I have a 15 yr old TB mare that I would like to breed in the spring of 2002 (she would be 16). She had one foal in 1994 - conceived on the 1st A.I.(cooled semen) and had an uneventful pregnancy and delivery. Should I have her inspected for breeding soundness in the Fall (before I sound the contract!)? Would she require another exam/culture in the Spring? Are there any increased risks for abnormalities (like Down's Syndrome in older women) or complications associated with breeding older mares? Thanks!
A 15 year old TB brood mare who is in good health is not generally considered old by most breeder´s standards.
As for the reproductive work up. If anyone wished to maximize their chances of producing a live foal from a mare of any age. They would certainly be well advised to do everything possible to prepare the mare for the impending mating. That should include a thorough reproductive exam, since a mare´s reproductive potential can change substantially from one season to the next. Unfortunately that potential usually does not progress in an improving curve, but rather in a slow declining curve. For some that decline is much quicker than others.
Then with that out of the way. The typical requirements of breeding operations in a live cover situation, is that the mare owner provide a current negative EIA (coggins) test for the mare along with a current negative culture. This is to insure that their stallion is not exposed to any harmful pathogens. However as a responsible mare owner, one would be well advised to take this a step further, and provide a negative culture and cytology.

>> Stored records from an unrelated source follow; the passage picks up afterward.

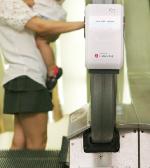 에스컬레이터에 부착된 이 자가발전식 자외선 살균기를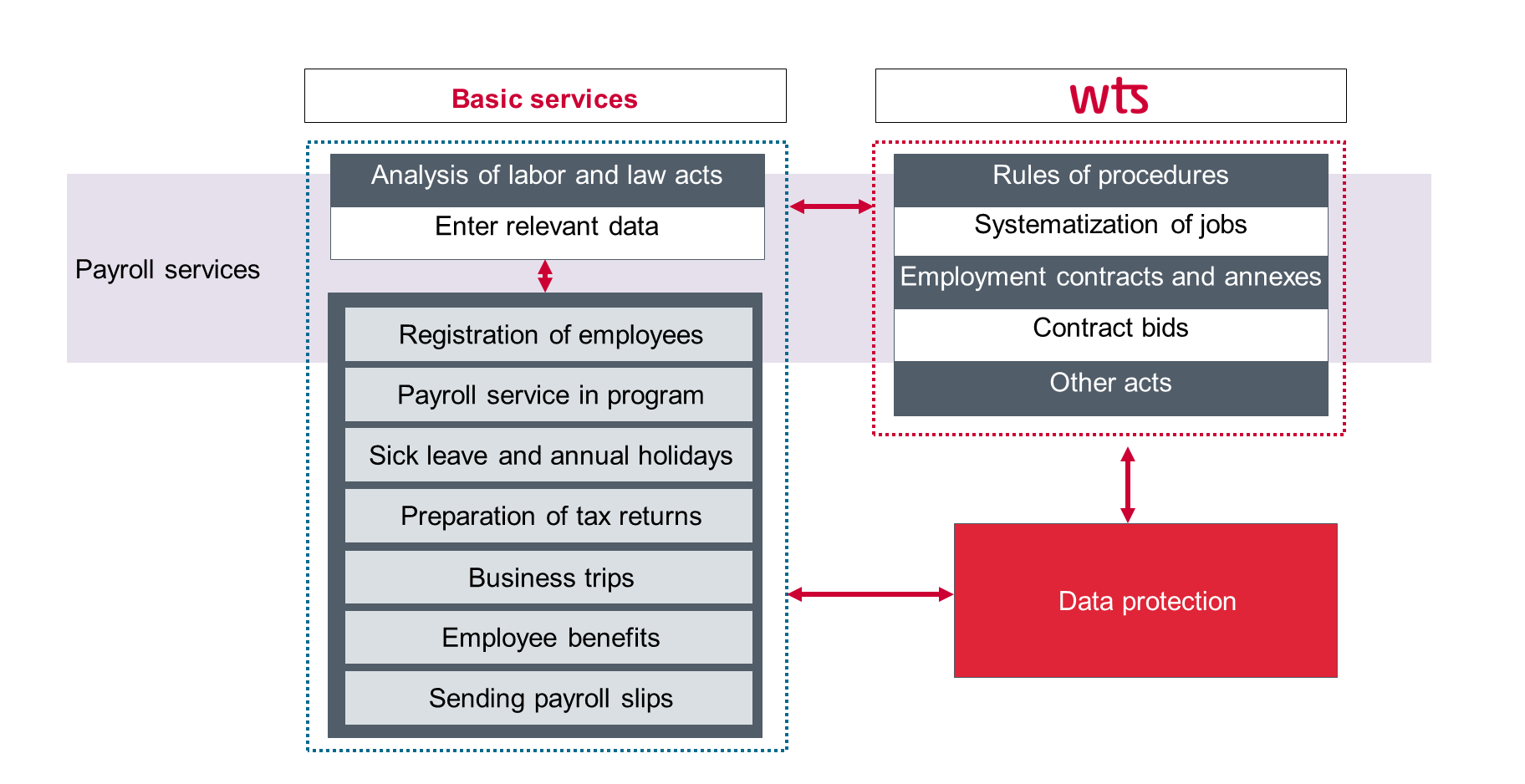 In order to minimize the risks of its clients, WTS team provides a wide range of services related to the calculation of salaries, preparation of documentation related to salaries and filing tax returns: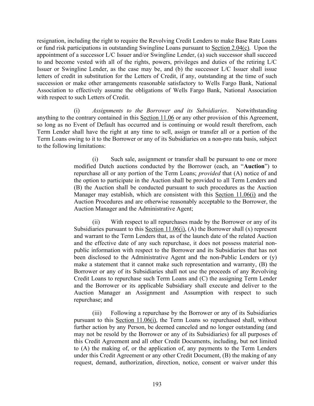 193 resignation, including the right to require the Revolving Credit Lenders to make Base Rate Loans or fund risk participations in outstanding Swingline Loans pursuant to Section 2.04(c). Upon the appointment of a successor L/C Issuer and/or Swingline Lender, (a) such successor shall succeed to and become vested with all of the rights, powers, privileges and duties of the retiring L/C Issuer or Swingline Lender, as the case may be, and (b) the successor L/C Issuer shall issue letters of credit in substitution for the Letters of Credit, if any, outstanding at the time of such succession or make other arrangements reasonable satisfactory to Wells Fargo Bank, National Association to effectively assume the obligations of Wells Fargo Bank, National Association with respect to such Letters of Credit. (i) Assignments to the Borrower and its Subsidiaries. Notwithstanding anything to the contrary contained in this Section 11.06 or any other provision of this Agreement, so long as no Event of Default has occurred and is continuing or would result therefrom, each Term Lender shall have the right at any time to sell, assign or transfer all or a portion of the Term Loans owing to it to the Borrower or any of its Subsidiaries on a non-pro rata basis, subject to the following limitations: (i) Such sale, assignment or transfer shall be pursuant to one or more modified Dutch auctions conducted by the Borrower (each, an “Auction”) to repurchase all or any portion of the Term Loans; provided that (A) notice of and the option to participate in the Auction shall be provided to all Term Lenders and (B) the Auction shall be conducted pursuant to such procedures as the Auction Manager may establish, which are consistent with this Section 11.06(i) and the Auction Procedures and are otherwise reasonably acceptable to the Borrower, the Auction Manager and the Administrative Agent; (ii) With respect to all repurchases made by the Borrower or any of its Subsidiaries pursuant to this Section 11.06(i), (A) the Borrower shall (x) represent and warrant to the Term Lenders that, as of the launch date of the related Auction and the effective date of any such repurchase, it does not possess material non- public information with respect to the Borrower and its Subsidiaries that has not been disclosed to the Administrative Agent and the non-Public Lenders or (y) make a statement that it cannot make such representation and warranty, (B) the Borrower or any of its Subsidiaries shall not use the proceeds of any Revolving Credit Loans to repurchase such Term Loans and (C) the assigning Term Lender and the Borrower or its applicable Subsidiary shall execute and deliver to the Auction Manager an Assignment and Assumption with respect to such repurchase; and (iii) Following a repurchase by the Borrower or any of its Subsidiaries pursuant to this Section 11.06(i), the Term Loans so repurchased shall, without further action by any Person, be deemed canceled and no longer outstanding (and may not be resold by the Borrower or any of its Subsidiaries) for all purposes of this Credit Agreement and all other Credit Documents, including, but not limited to (A) the making of, or the application of, any payments to the Term Lenders under this Credit Agreement or any other Credit Document, (B) the making of any request, demand, authorization, direction, notice, consent or waiver under this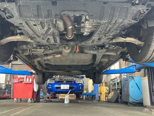 車体をリフトアップし、まずは下回りの総合点検からスタート。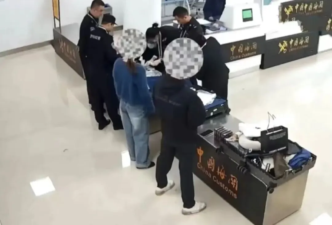 看画面,携带这些药的旅客一行二人,一男一女,年纪都不大,不知道药是从哪一个的行李箱里查出来的。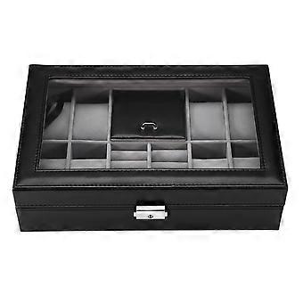 Multi Functional 8 Slots 2 Grids Watch Display Case Ring Jewelry Storage Box Organizer

If this breeding is going to be performed with CTS or frozen semen. The mare owner is under more pressure than they otherwise would be, to insure that the mare is prepared in the best possible way to increase the possibility of conception and a resulting foal.
Preparation consists of knowledge of the mares reproductive condition and any potentially problematic conditions that she may have that could interfere with her ability to accomplish what you are asking her to do. The more you know about that mare´s reproductive system the better prepared you are to deal with any potential problems long before she will be exposed to the semen. Thus possibly preventing problems and additional expense on your part. There are no short cuts in this area. The old adage applies here, "be well prepared or be prepared to pay well".
If I may share a statement made to me by a large TB breeding farm manager in my area this year. He stated that all his 75 barren mares were in foal by the end of March. He attributes this exceptional feat to one thing. He worked all of last fall on these mares doing everything he could to insure that they would be ready to breed at the beginning of breeding season, February 10. unfortunately this in not typical, but clearly illustrates what good management and hard work can accomplish.